■ What to work on
Look below for the line that contains "Cuando se hace" and the line that contains "Овощной суп-пюре с", then restate both of them and every line in between, exactly. No picture goes in the copy.

*** Given entries ***

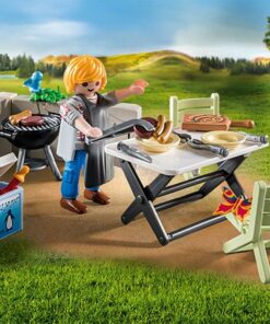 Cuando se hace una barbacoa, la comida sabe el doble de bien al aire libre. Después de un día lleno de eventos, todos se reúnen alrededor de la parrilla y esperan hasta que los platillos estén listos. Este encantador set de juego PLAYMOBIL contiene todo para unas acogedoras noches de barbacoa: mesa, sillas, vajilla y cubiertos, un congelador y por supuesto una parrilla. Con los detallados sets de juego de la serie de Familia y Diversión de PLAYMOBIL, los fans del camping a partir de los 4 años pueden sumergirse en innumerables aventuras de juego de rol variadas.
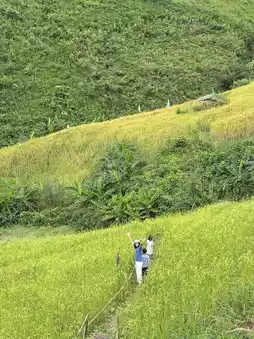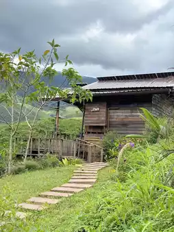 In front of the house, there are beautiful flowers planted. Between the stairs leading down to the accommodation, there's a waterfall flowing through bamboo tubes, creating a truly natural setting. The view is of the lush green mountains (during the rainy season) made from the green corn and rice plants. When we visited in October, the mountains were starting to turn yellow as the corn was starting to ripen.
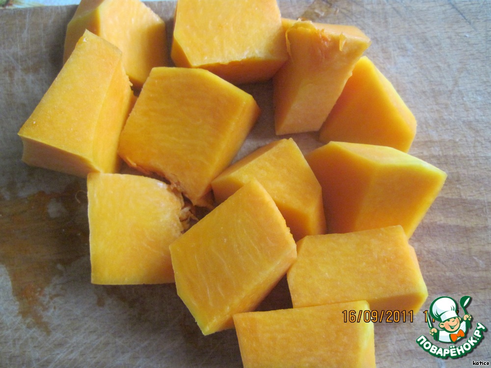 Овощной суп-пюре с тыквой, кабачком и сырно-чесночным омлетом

*** End of Given entries ***
*** Given entries ***

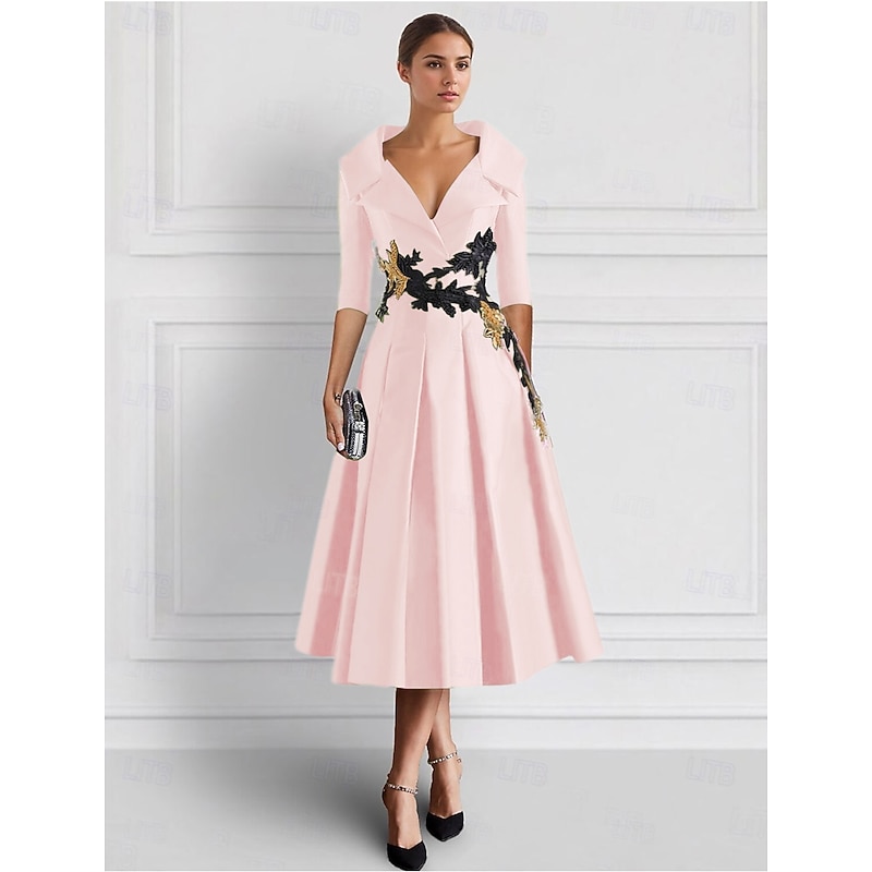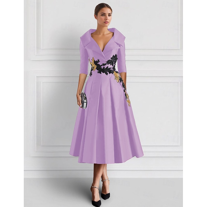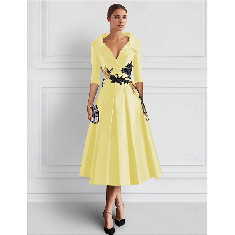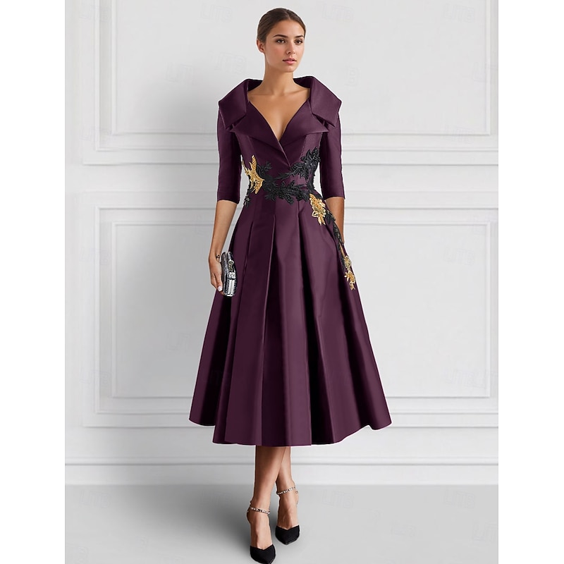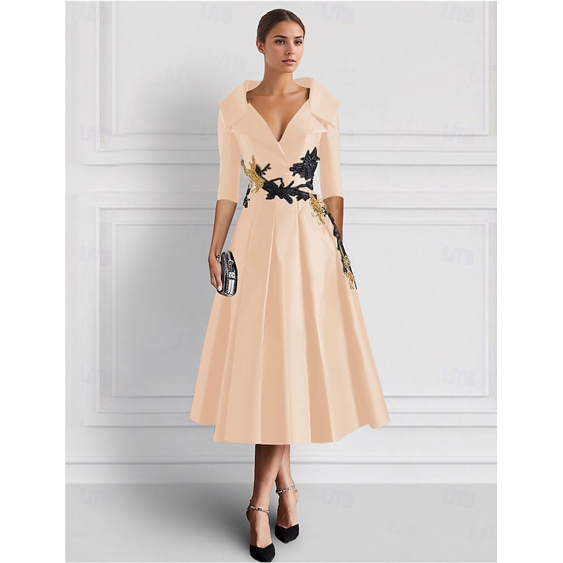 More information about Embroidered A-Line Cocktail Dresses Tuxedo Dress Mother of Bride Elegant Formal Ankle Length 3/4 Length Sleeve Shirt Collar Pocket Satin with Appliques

*** End of Given entries ***

■ Answer space
 Cuando se hace una barbacoa, la comida sabe el doble de bien al aire libre. Después de un día lleno de eventos, todos se reúnen alrededor de la parrilla y esperan hasta que los platillos estén listos. Este encantador set de juego PLAYMOBIL contiene todo para unas acogedoras noches de barbacoa: mesa, sillas, vajilla y cubiertos, un congelador y por supuesto una parrilla. Con los detallados sets de juego de la serie de Familia y Diversión de PLAYMOBIL, los fans del camping a partir de los 4 años pueden sumergirse en innumerables aventuras de juego de rol variadas.
 In front of the house, there are beautiful flowers planted. Between the stairs leading down to the accommodation, there's a waterfall flowing through bamboo tubes, creating a truly natural setting. The view is of the lush green mountains (during the rainy season) made from the green corn and rice plants. When we visited in October, the mountains were starting to turn yellow as the corn was starting to ripen.
 Овощной суп-пюре с тыквой, кабачком и сырно-чесночным омлетом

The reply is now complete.